You should now have one less GPU that is allocatable on your node:
NAME Total GPUs Allocatable GPUs
amd-mi300x-gpu-worker1 8 7
8. Clear ECC Errors on GPU 0#
Now that we have tested to ensure the Health Check workflow is working we can clear the ECC errors on GPU0 by using the metrics client in a similar fashion to 4. This time we are setting the error counts to 0 for both GPU_ECC_UNCORRECT error fields.
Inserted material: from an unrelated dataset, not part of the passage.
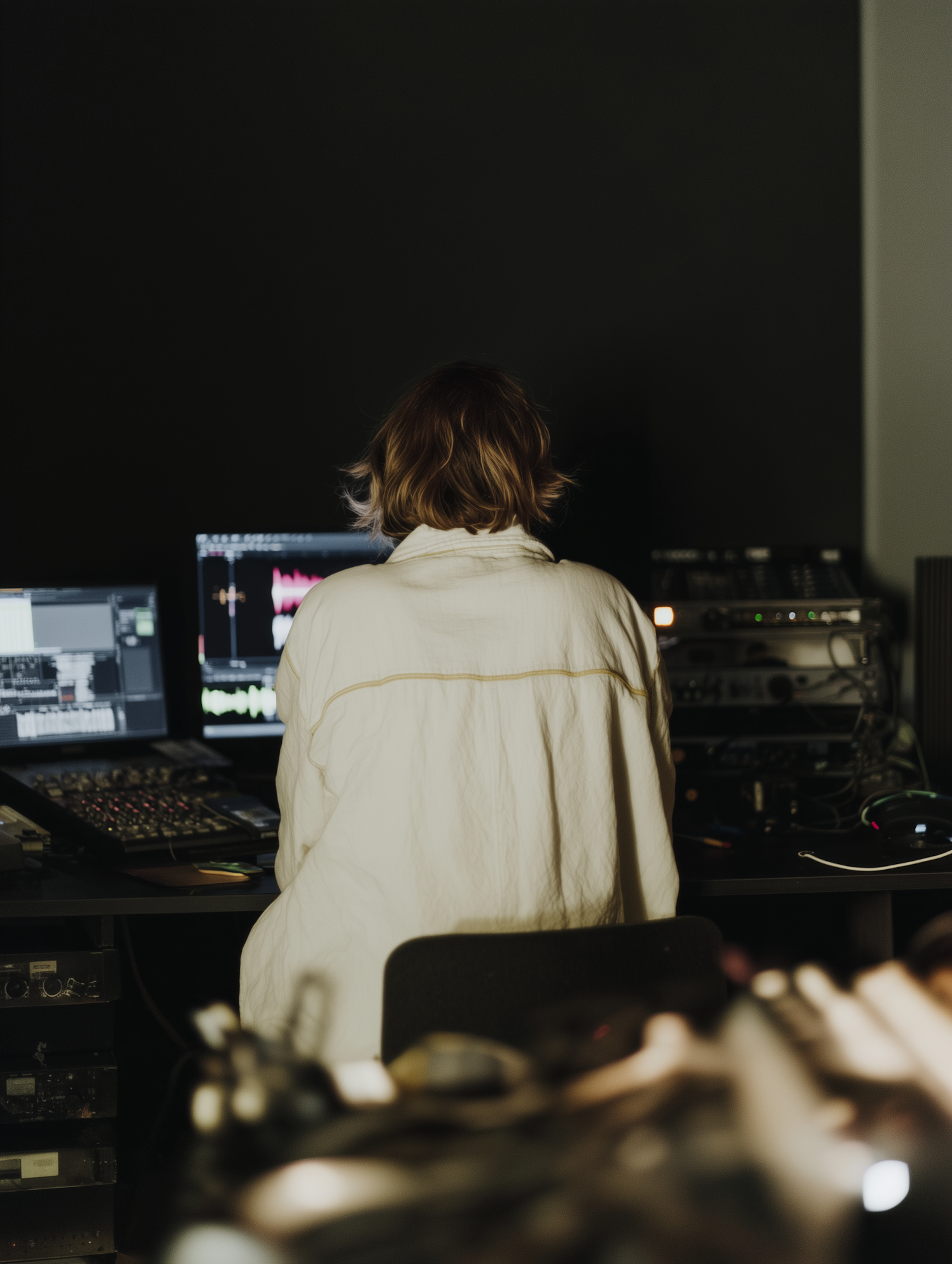 A person working on audio editing in a dimly lit studio, surrounded by professional equipment and glowing monitors.

kubectl exec -n kube-amd-gpu $METRICS_POD -c metrics-exporter-container -- sh -c 'cat > /tmp/delete_ecc.json <<EOF
{
"ID": "0",
"Fields": [
"GPU_ECC_UNCORRECT_SEM",
"GPU_ECC_UNCORRECT_FUSE"
],
"Counts" : [
0, 0
]
}
EOF
metricsclient -ecc-file-path /tmp/delete_ecc.json'
9. Check to see GPU 0 Become Healthy Again#
After waiting another 30 seconds or so you can check the metrics client again to see that all GPUs are now healthy again:
kubectl exec -n kube-amd-gpu $METRICS_POD -c metrics-exporter-container -- metricsclient
You should see the following:
ID Health Associated Workload
------------------------------------------------
4 healthy []
3 healthy []
2 healthy []
1 healthy []
0 healthy []
7 healthy []
6 healthy []
5 healthy []
------------------------------------------------
10. Check that all GPUs are Allocatable Again#
Lastly check the number of allocatable GPUs on your node to ensure that it matches the total number of GPUs:
kubectl get nodes -o custom-columns=NAME:.metadata.name,"Total GPUs:.status.capacity.amd\.com/gpu","Allocatable GPUs:.status.allocatable.amd\.com/gpu"
Following the above steps will help you successfully test the new GPU Health Check Feature.